• [TASK BRIEF] Beginning with the line that contains "女性オフショルダープリーツレースアップショートクロップシャツサファリスタイルポケットパッチパンツ 2 枚セット", repeat each line exactly through the end of the listing below. Pictures stay out.

• [INFORMATION PROVIDED]
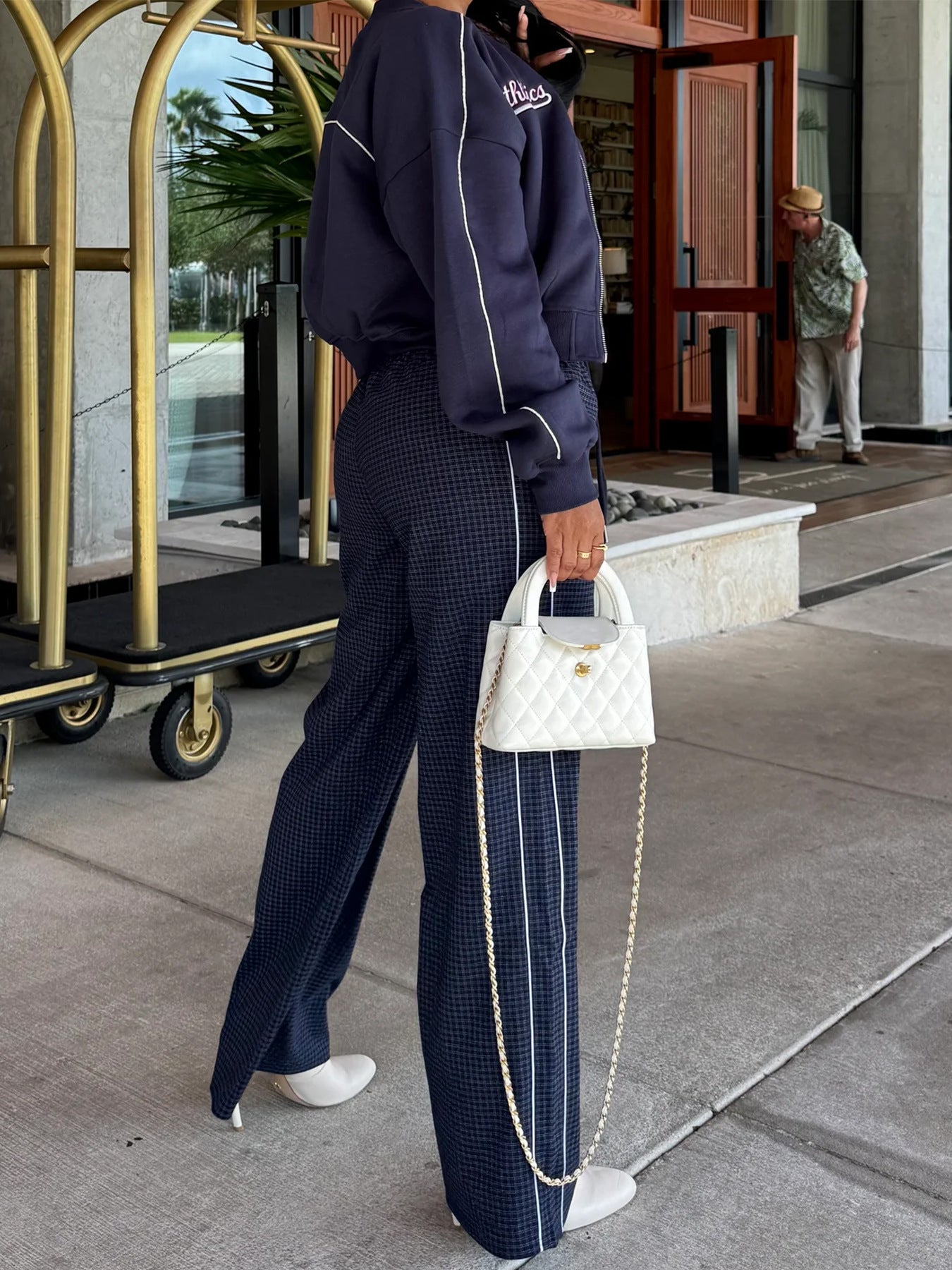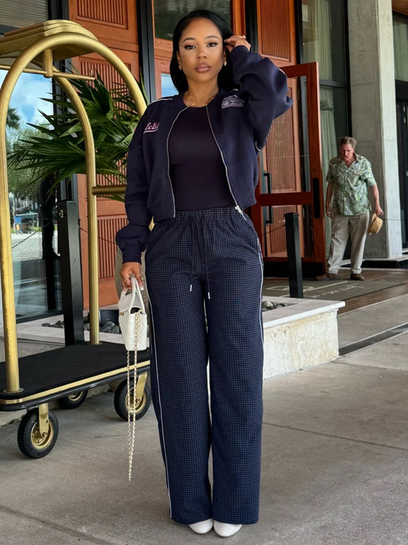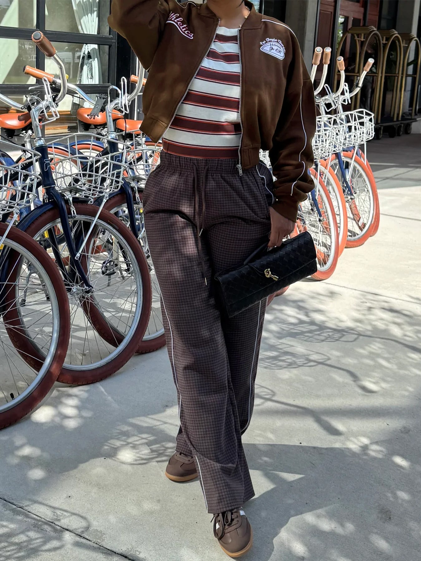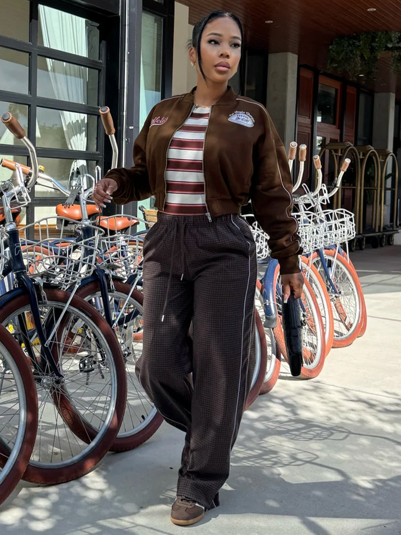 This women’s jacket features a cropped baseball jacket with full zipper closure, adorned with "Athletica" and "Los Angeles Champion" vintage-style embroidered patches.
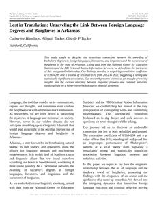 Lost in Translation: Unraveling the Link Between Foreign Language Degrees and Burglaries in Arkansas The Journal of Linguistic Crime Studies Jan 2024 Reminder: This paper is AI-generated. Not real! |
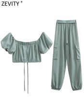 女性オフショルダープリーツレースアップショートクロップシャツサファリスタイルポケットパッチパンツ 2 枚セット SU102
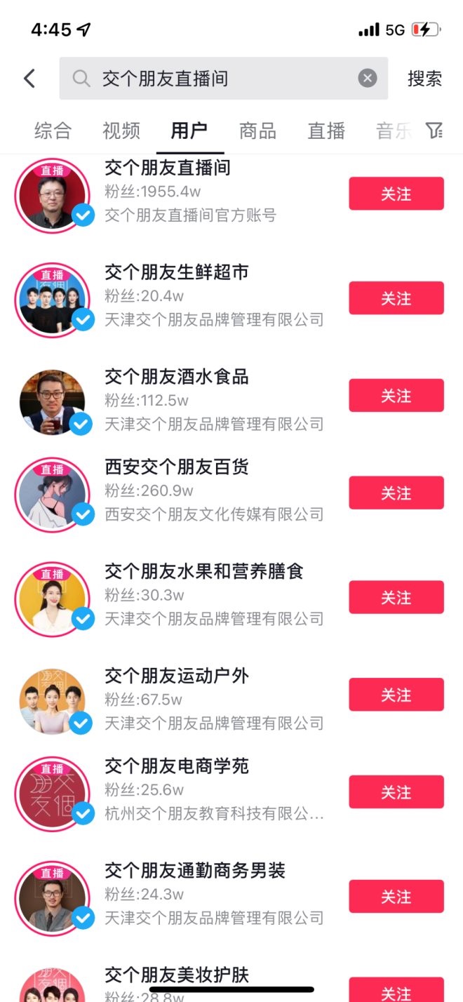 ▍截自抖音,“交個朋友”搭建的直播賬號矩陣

• [EXERCISE OUTPUT]
 女性オフショルダープリーツレースアップショートクロップシャツサファリスタイルポケットパッチパンツ 2 枚セット SU102
 ▍截自抖音,“交個朋友”搭建的直播賬號矩陣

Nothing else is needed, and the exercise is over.